Wie standfest sind Gebäude aus der Gründerzeit, und halten sie einem Erdbeben stand? Anhand einer ­wissenschaftlichen Versuchsreihe ergründen Experten aktuell die Robustheit alter Bauten in Österreich.

Hinter einer unscheinbaren Fassade versteckt sich in der Rinnböckstraße 39 im 11. Wiener Gemeindebezirk wissenschaftliche Forschung auf hohem Niveau. Eine Einladung in die Prüf-, Überwachungs- und Zertifizierungsstelle der Stadt Wien (MA 39) verspricht Spannung: Ein wissenschaftlicher Versuch soll klären, ob Österreichs alte Bausubstanz aus der Gründerzeit einem Erbeben standhält. Das weckt Erinnerungen an einen Kassenschlager im Kino: In „2012“ lässt Regisseur Roland Emmerich ein Schreckensszenario wahr werden und kurzerhand die halbe Welt einstürzen. Vor dem inneren Auge macht sich eine spektakuläre Vorstellung des angekündigten Feldversuchs breit: Erwartet die aus sicherheitstechnischen Gründen stark begrenzte Zahl an eingeladenen Journalisten etwa gar ein spektakulär simuliertes Beben samt einstürzenden Gebäuden? Dabei, so desolat wirkt die Anlage der MA 39 dann doch nicht.

Wie standsicher Österreichs Gebäude sind, dieser Frage gehen seit vielen Jahren das Institut der Sachverständigen für bautechnische Immobilienbewertung (ÖIBI) und das MA 39 nach. Die modernen Baumaterialien für den Neubau sind längst alle getestet – jetzt gehen die Experten einen Schritt zurück. Die Frage, die man sich aktuell in der Versuchsreihe in den Hallen an der Rinnböckstraße stellt: Wie sieht es denn eigentlich mit der alten Bausubstanz aus?

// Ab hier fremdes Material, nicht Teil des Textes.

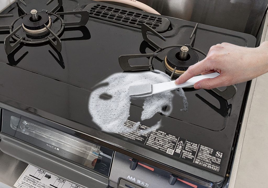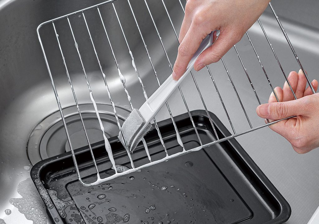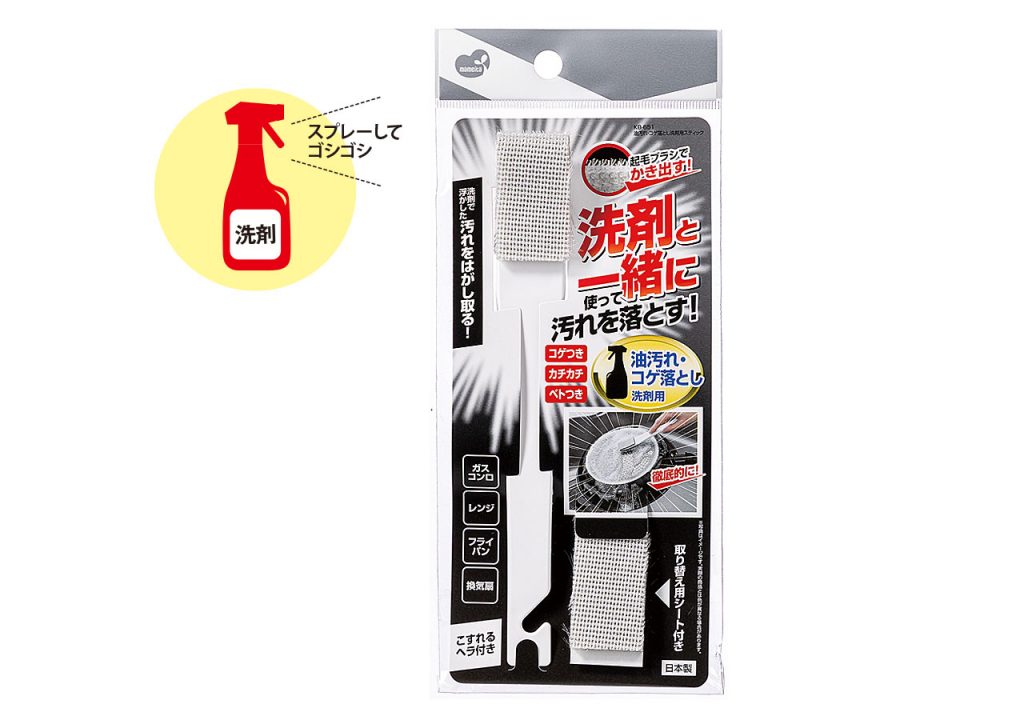 洗剤と一緒に汚れを落とす起毛ブラシのクリーナー。油汚れ・コゲ落とし洗剤用。

Vor allem bei den Wiener Gründerzeithäusern, zwischen 1850 und 1919 erbaut, fehlen wissenschaftliche Erkenntnisse über damals gebräuchliche Baumaterialien und Bauweisen sowie Normen und Richtlinien für Sanierungen. Die Gründerzeithäuser machen immerhin rund ein Viertel aller Gebäude der Bundeshauptstadt aus. „Wir wollen uns Klarheit verschaffen, um den Bestand sicher zu machen und zu erhalten“, erklärt Walter Brusatti, Vizepräsident des ÖIBI, die Gründe für die im Dezember gestarteten Versuche. Die Erforschung der Bauweisen der Gründerzeit im Rahmen des Projektes „Wiener Baukultur“ soll es ermöglichen, präzise Angaben zu den tatsächlich notwendigen Verstärkungsmaßnahmen im Einzelfall zu treffen.
Nach derzeitigen Schätzungen, so lassen die Experten vor Ort wissen, ist alleine dadurch ein Einsparungspotenzial von bis zu 100.000 Euro pro zu revitalisierenden Gebäude möglich.